De ma première tentative d’écriture, je ne me souviens que de ces quelques mots. J’avais une dizaine d’années, et je rêvais ma vie. Une vie d’écrivain, ou d’écrits vains, peut-être. Dans ce début de roman de trois ou quatre lignes, il était question d’un trappeur solitaire, dans les espaces immenses du Nouveau Monde, qui à la tombée du jour installait son campement… au bord d’un lac foisonnant de poissons. J’avais créé une ébauche de héros, mais j’étais encore incapable d’inventer l’histoire qui lui donnerait vie.
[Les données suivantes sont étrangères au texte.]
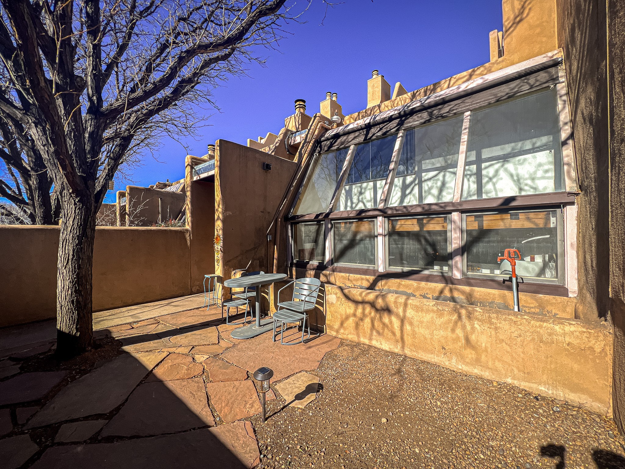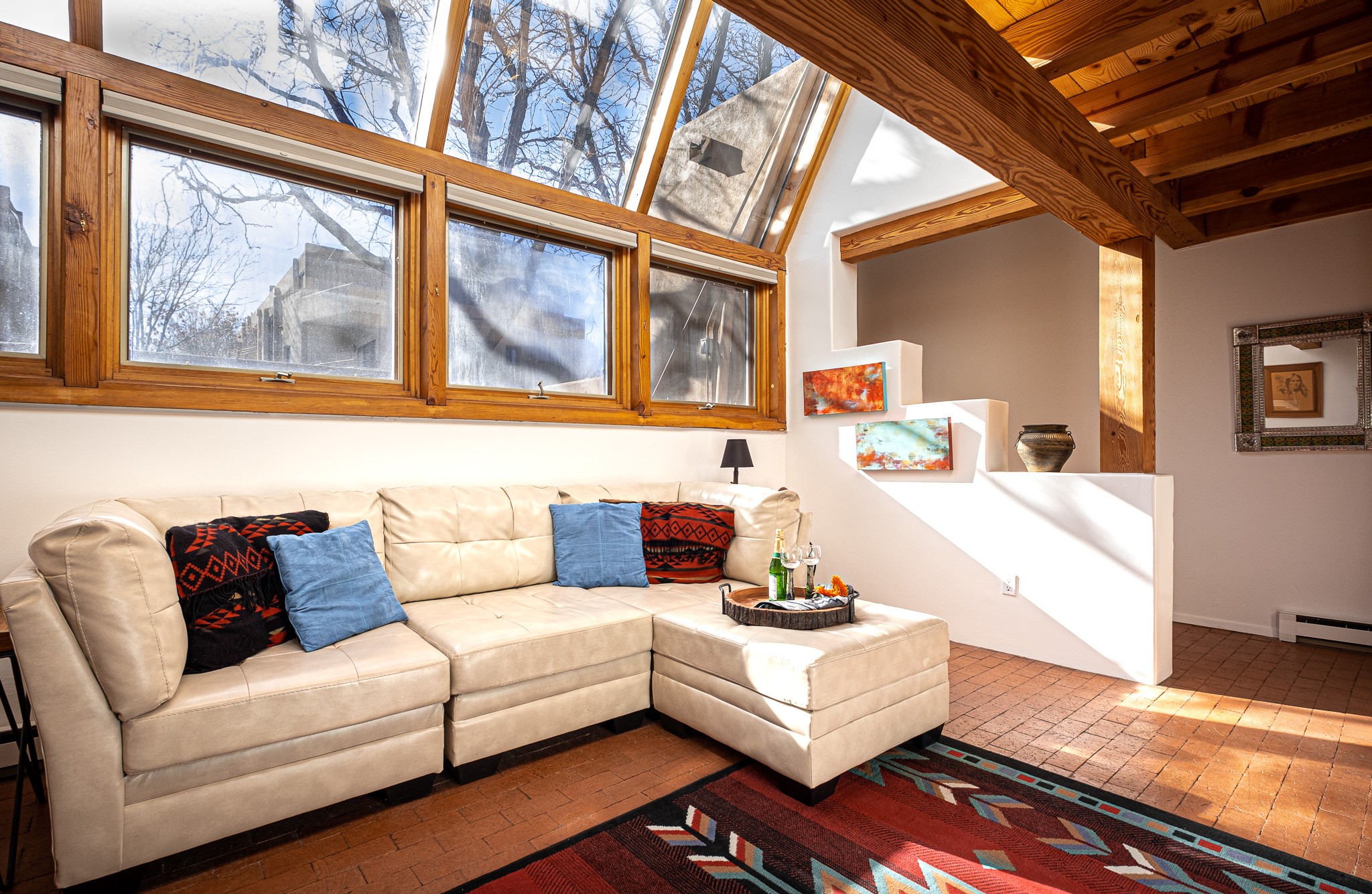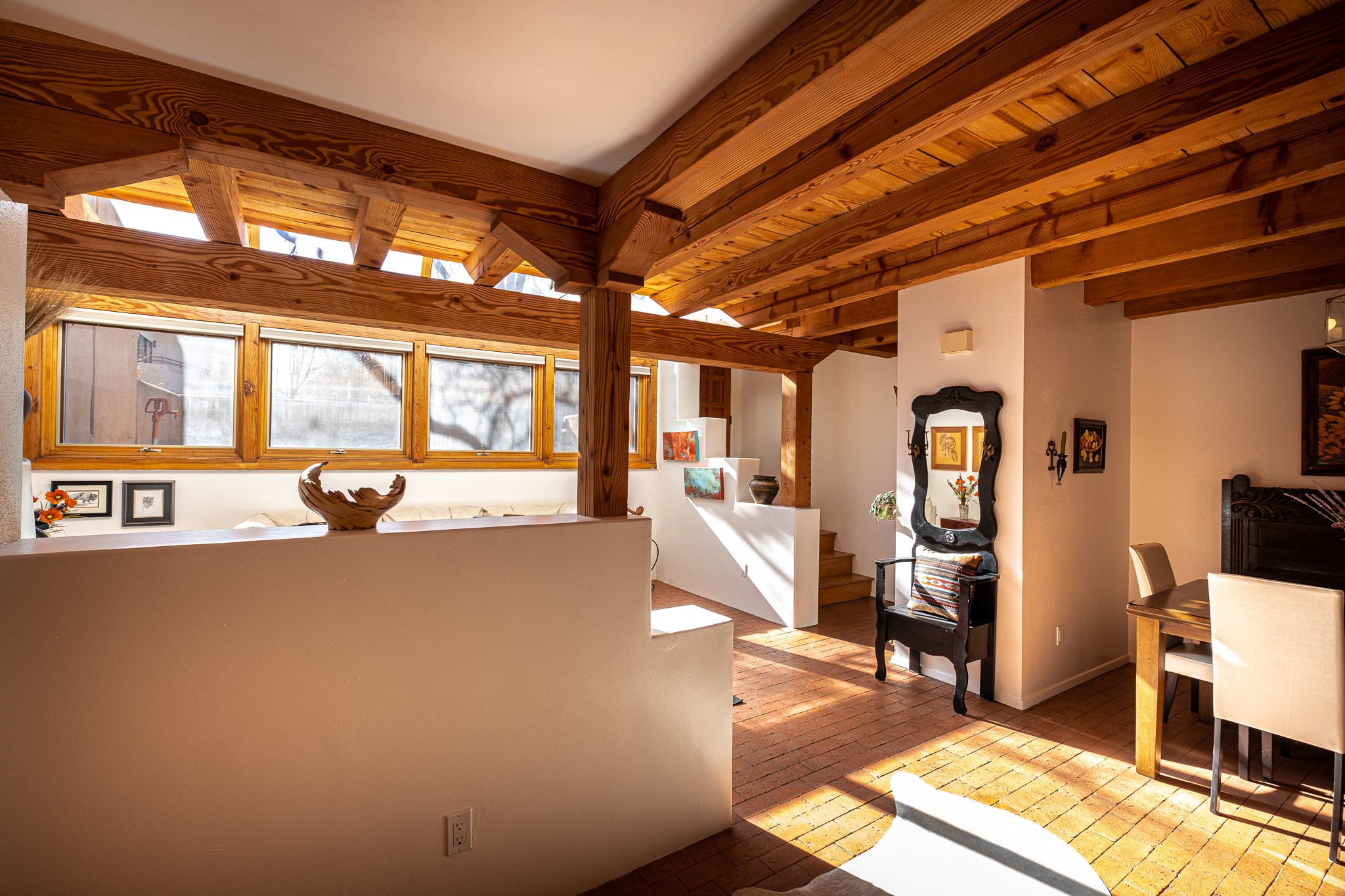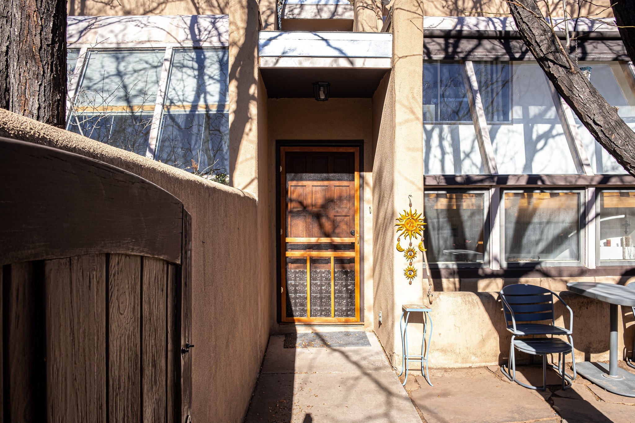 OPEN HOUSE ON SATURDAY- APRIL 1 AND SUNDAY- APRIL 2 FROM 1PM TO 4PM. SEE YOU THERE!This La Remuda condo is a hidden treasure, right in the heart of town!This unique property is located in a quiet, secluded area just 5 minutes from the plaza and 5 minutes from the interstate. You have a front patio area, large enough for entertaining. It is shaded in the summer by mature trees and there is plenty of parking for guests. Large, passive solar atrium windows bring in lots of bright sun light from the lower level of the condo to the upper level. You have a covered parking area and spacious storage at the back entrance of the condo. This is rare for Santa Fe. You enter the condo from the back door to a split level entrance where you may proceed upstairs to the bedrooms or downstairs to the living area. The tile on the stairs is newly installed as is the wood flooring upstairs. This home has been freshly painted throughout the lower living area and all vigas re-stained. The lower flooring is brick throughout the living, dining, powder room and kitchen area. High ceilings, beams and a kiva enhance the lower level for a very charming and inviting area. As it is below ground level, the lower level stays naturally cool in the summer. The upper level has an energy efficient mini split air conditioner in the master bedroom, which keeps the room as cool as you desire. come see for yourself and be sure to watch the video online as well. Home has a new roof as of NOV 2022..
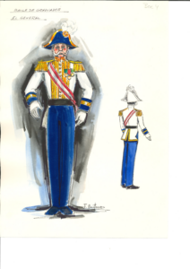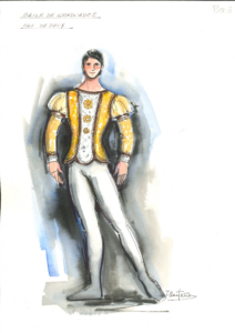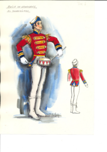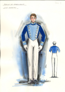 Este diseño, que realiza para el Ballet de Cámara de Madrid y que la compañía fundada por Alicia Alonso aún mantiene en el repertorio activo, siendo una de las piezas de más éxito, en el que vemos como Castaño reinterpreta el universo vienes mezclándolo con un colorido simbólico, utilizando el contraste de trajes amarillos y azules, además de interpretar de manera magistral los chaqués militares de la época.

Ce personnage, d’ailleurs, était fortement inspiré des illustrés bon marché dans lesquels je me réfugiais alors pour échapper à une réalité peu enthousiasmante.
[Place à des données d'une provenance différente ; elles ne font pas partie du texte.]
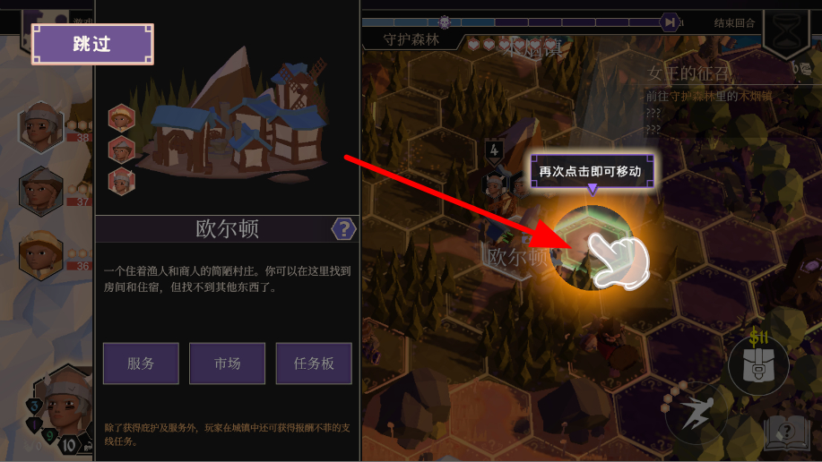 3、操控角色移动,按照提示点击目标位置,角色便会前往,通过移动能探索不同区域,发现新的地点与任务,推进冒险进程。
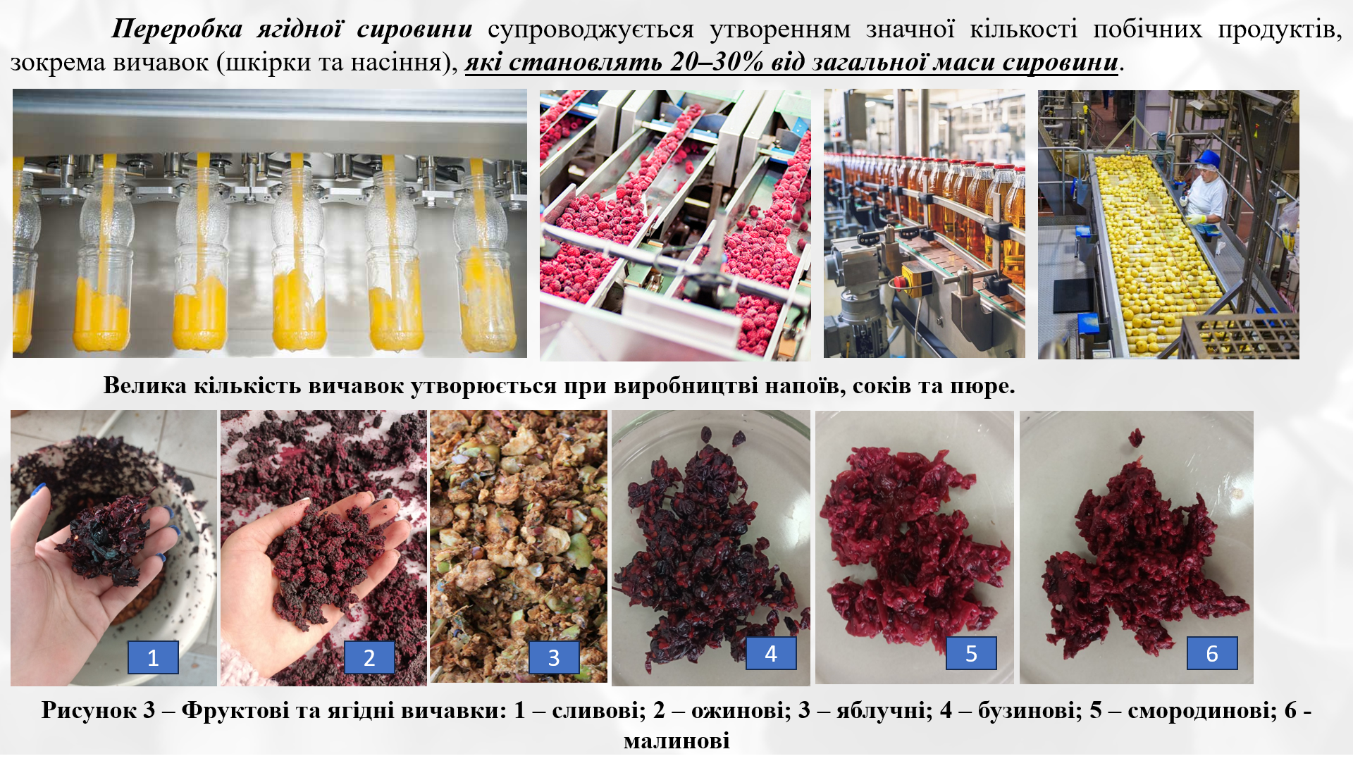 Встановлено, що ягідні вичавки характеризуються високим вмістом біологічно активних речовин, зокрема антоціанів і супутніх фенольних сполук, що зумовлює їх значний барвний потенціал. Застосування вторинної рослинної сировини дає змогу підвищити ефективність використання сировинних ресурсів, зменшити обсяги харчових відходів та реалізувати принципи ресурсозбереження і циркулярної економіки у харчових технологіях.
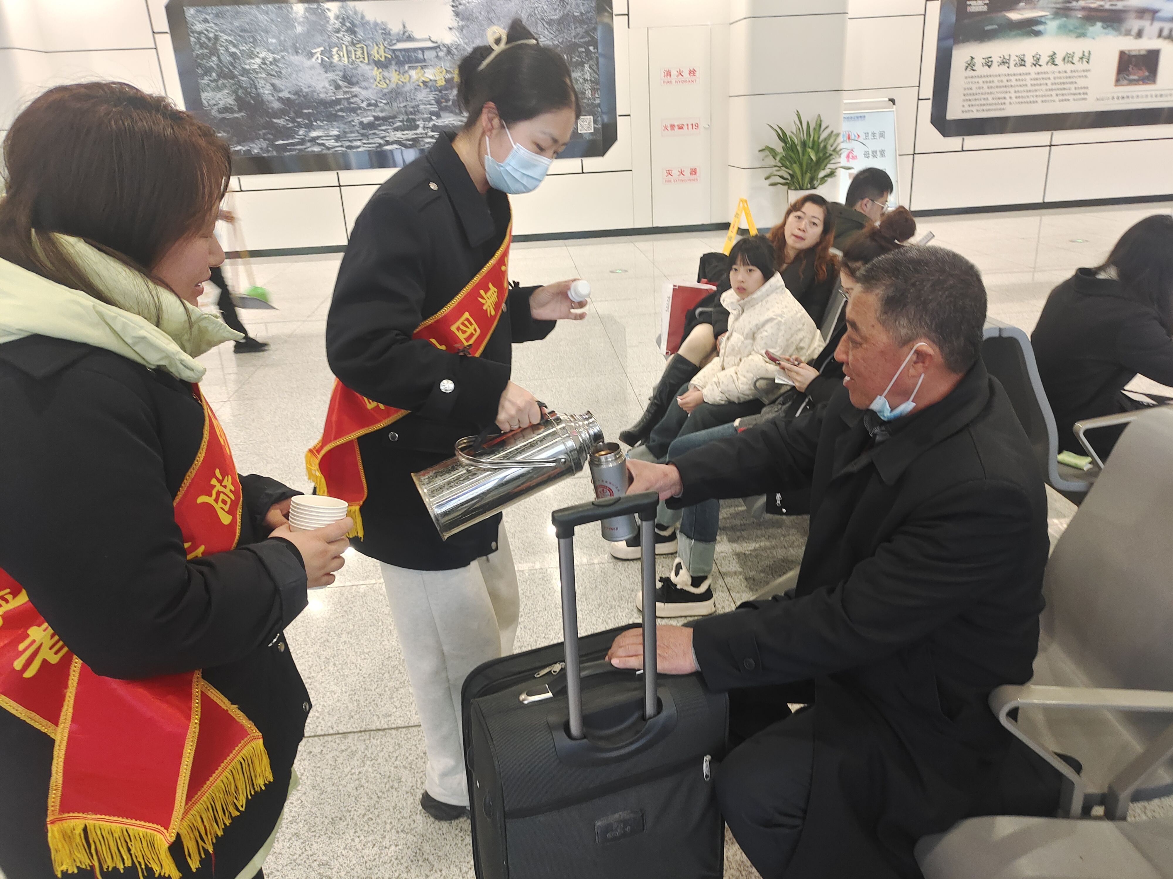 車站將愛心驛站臨時(shí)調(diào)整為旅客滯留休息區(qū),為旅客們提供了溫暖舒適的休息環(huán)境,工作人員積極與旅客溝通,為大家送上暖心的茶水,及時(shí)告知班次信息,解答旅客的疑問,努力緩解旅客們的焦慮情緒。同時(shí),工作人員有序地組織旅客退票,耐心地解答旅客疑問,提供準(zhǔn)確的信息和合理的建議。他們的專業(yè)和熱情,贏得了旅客們的一致稱贊。

Loin des albums luxueux de bandes dessinées, ces comics à la française, aujourd’hui disparus, étaient imprimés sur du mauvais papier, et seule la couverture était en couleurs. Avant de pouvoir accéder à la petite puis à la grande littérature, ces illustrés constituèrent pour moi la première porte d’entrée dans cet univers parallèle de la fiction, où j’avais déjà compris que se situait si ce n’est la vraie vie, du moins la seule qui méritait d’être vécue. L’un de mes héros favoris était Blek le Roc, trappeur américain dont je m’inspirai pour créer ce personnage qui, après cette nuit à la belle étoile, ne vit jamais l’aube du jour suivant, puisque ce premier roman fut mort-né. Je rends hommage à ce soldat inconnu de l’histoire de la littérature, disparu prématurément avant même d’avoir pu pêcher dans ce lac… foisonnant de poissons.
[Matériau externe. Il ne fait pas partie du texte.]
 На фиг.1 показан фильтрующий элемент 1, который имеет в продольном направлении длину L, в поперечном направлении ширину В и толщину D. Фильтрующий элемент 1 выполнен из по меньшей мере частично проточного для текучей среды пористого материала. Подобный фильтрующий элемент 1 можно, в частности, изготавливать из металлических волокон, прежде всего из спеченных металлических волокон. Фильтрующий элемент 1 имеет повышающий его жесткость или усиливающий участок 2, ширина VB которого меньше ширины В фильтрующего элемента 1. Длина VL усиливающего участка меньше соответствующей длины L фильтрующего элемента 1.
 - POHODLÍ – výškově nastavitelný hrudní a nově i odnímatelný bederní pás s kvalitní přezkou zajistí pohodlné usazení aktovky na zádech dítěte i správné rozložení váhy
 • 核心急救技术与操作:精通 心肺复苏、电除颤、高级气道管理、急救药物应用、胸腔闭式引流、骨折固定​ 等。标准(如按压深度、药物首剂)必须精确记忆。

Mais pourquoi justement ces quelques mots ancrés dans ma mémoire, comme marquant le début de ma carrière littéraire ? Mon lac, à l’évidence, prend sa source au plus profond de cet imaginaire collectif décrit par Bachelard dans “L’eau et les rêves”. Au matin de mon existence, comme cet embryon de héros que je venais d’engendrer, je me tenais moi aussi au bord de ce lac, comme au bord de la vie, déjà conscient que mes nourritures terrestres étaient enfouies sous la surface d’une eau stagnante et sombre, plutôt qu’à l’air libre dans les champs cultivés. Je suis resté cet enfant rêvant d’un lac foisonnant de poissons, mais retardant le moment de la pêche de peur qu’elle ne soit pas aussi miraculeuse qu’espéré, et que les poissons aient moins bonne allure une fois sortis de l’eau.